Thai Coconut Pumpkin Ketchup Penn Cove Mussels

Serving Size: 6


2 pounds penn cove mussels
2 tablespoons thai fish sauce
2 cans coconut milk
2 tablespoons fresh ginger, finely chopped
2 tablespoons red thai chilies, thinly sliced
½ cup Skillet Thai Coconut Pumpkin Ketchup
cilantro, freshly chopped


To prepare the mussels, begin by removing the “beards” (byssal threads), wait an hour before cooking to remove the mussel beards by giving them a sharp pull toward the pointed tips of the mussels. Rinse the mussels under cold water before cooking, and then set aside to drain.
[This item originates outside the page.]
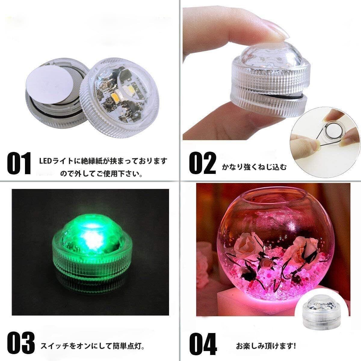 防水タイプ:完全防水タイプのLEDキャンドルなので、直接的に花瓶や水槽の中に長時間置いてもご心配なくお楽しみ頂けます。植物の植え込みや浴室内のディスプレイ等ににうってつけです。

Check to ensure the mussels are all alive. If they will not close after a light squeezing or have a broken shell please discard. In a large cast iron skillet, sauté coconut milk, fish sauce, ginger, and thai chilies together on medium high heat. Add cleaned mussels and cook 5-6 minutes or until they open and the flesh is not translucent. Remove mussels with a slotted spoon and place in a decorative bowl for service. Add ½ cup of Thai Coconut Pumpkin Ketchup to the mixture and increase heat to medium high until the sauce has thickened, about 1-2 minutes. Pour sauce over the top of the cooked mussels and garnish with fresh cilantro. Serve immediately.